Seeing and thinking about topological relations

Recent papers on this topic

  • Intuitive network topology

    Topology is the branch of mathematics that seeks to understand and describe spatial relations. A number of studies have examined the human perception of topology — in particular, whether adults and young children perceive and differentiate objects based on features like closure, boundedness, and emptiness. Topology is about more than ‘wholes and holes’, however; it also offers an efficient language for representing network structure. Topological maps, common for subway systems across the world, are an example of how effective this language can be. Inspired by this idea, here we examine ‘intuitive network topology’. We show that people readily differentiate objects based on several different features of topological networks, and that people both remember and match objects in accordance with their topology features, as well.
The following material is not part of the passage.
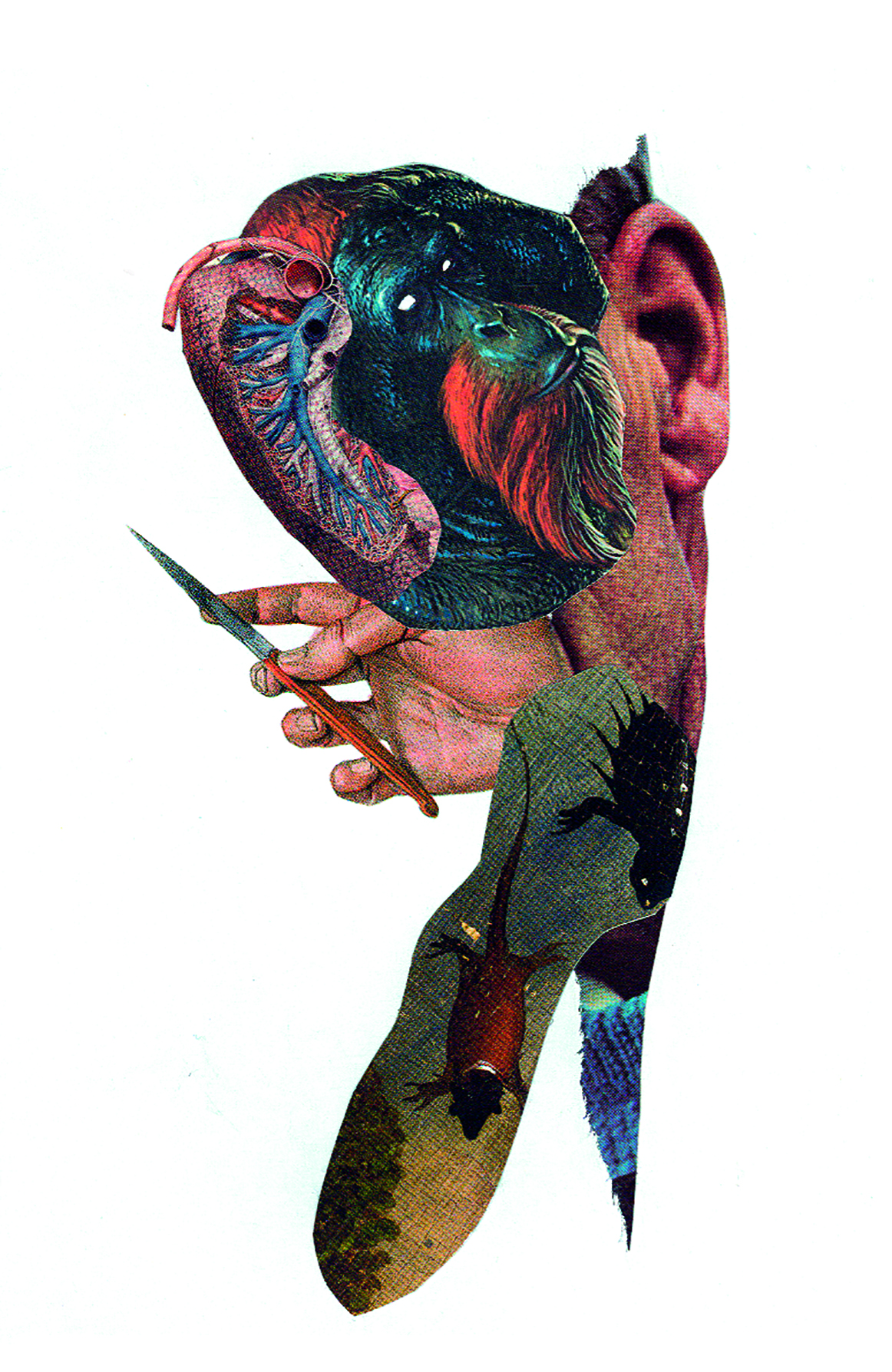 Antagónica Furry, es una collagista boliviana que tiene conectado el ritmo de una mente afilada a las ya de por sí afiladas tijeras. No duda en destruir imágenes para reconfigurar otras realidades. Después de todo, el collage como disciplina, es un acto de iconoclasia. Este acto es más palpable en el collage analógico, pues hay una participación más directa del cuerpo y de la danza apasionada del artista. Sus obras son entonces, un flujo de movimientos que han alcanzado reflejar paisajes dadaistas, escenas viscerales acompañadas de un humor de acceso selecto, miradas esquivas, y escenas que -amparándose en el cadáver desmembrado de antiguos clásicos- logran movilizar la imaginación hacia una paralela Historia del Arte. En Antagónica Furry, goza de buena salud el signo de una obra que dentro de su complejidad experimental (y antagonizando con un collage arbitrario, efectista o fácil al tema en boga), es capaz de dejar en claro la presencia de una tesis inteligente habitando en el lienzo maduro.
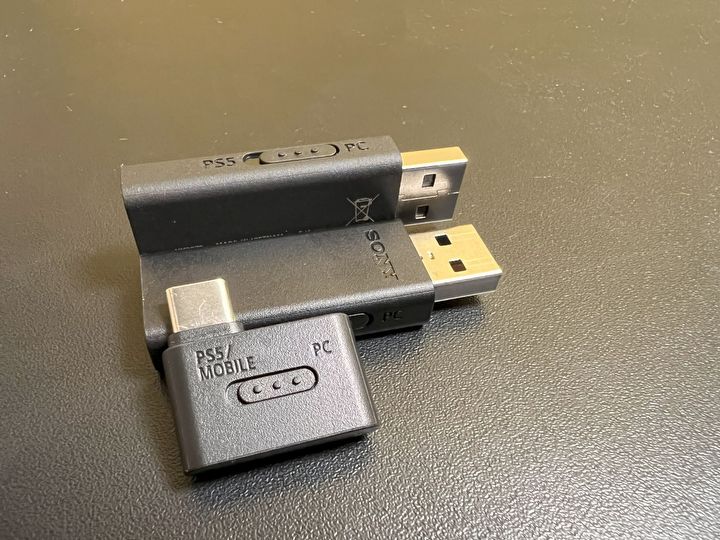 Nadajniki z przełącznikiem trybu PS5/PC to znak rozpoznawczy serii. Niestety są dość duże, co będzie przeszkadzać w przypadku laptopów i urządzeń mobilnych.Źródło: fotografia własna.

    This work is published in Journal of Experimental Psychology: General.

  • Perceiving topological relations

    There are many ways to describe and represent the visuospatial world. A space can be described by its Euclidean properties: the size of objects, the angles of boundaries, the distances between them. A space can also be described in non-spatial terms: one could explain the layout of a city by the order of its streets, without any metric information. Somewhere in between, topological representations capture coarse relational structure without precise Euclidean detail, offering a relatively efficient, low-dimensional way of capturing spatial content. Here, we ask whether people quickly and automatically perceive topological structure. In six experiments, we show that differences in simple topological features influence a range of visual tasks from object matching to number estimation to visual search. We discuss the possibility that topological forms are a kind of visual primitive that supports visuospatial representation.

    This work is currently under review.

  • Children's reasoning about topological relations

    In ongoing work, we are exploring how children reason about topological relations, and how this relates to core knowledge of other spatial domains, like geometry.

    This work is currently in preparation.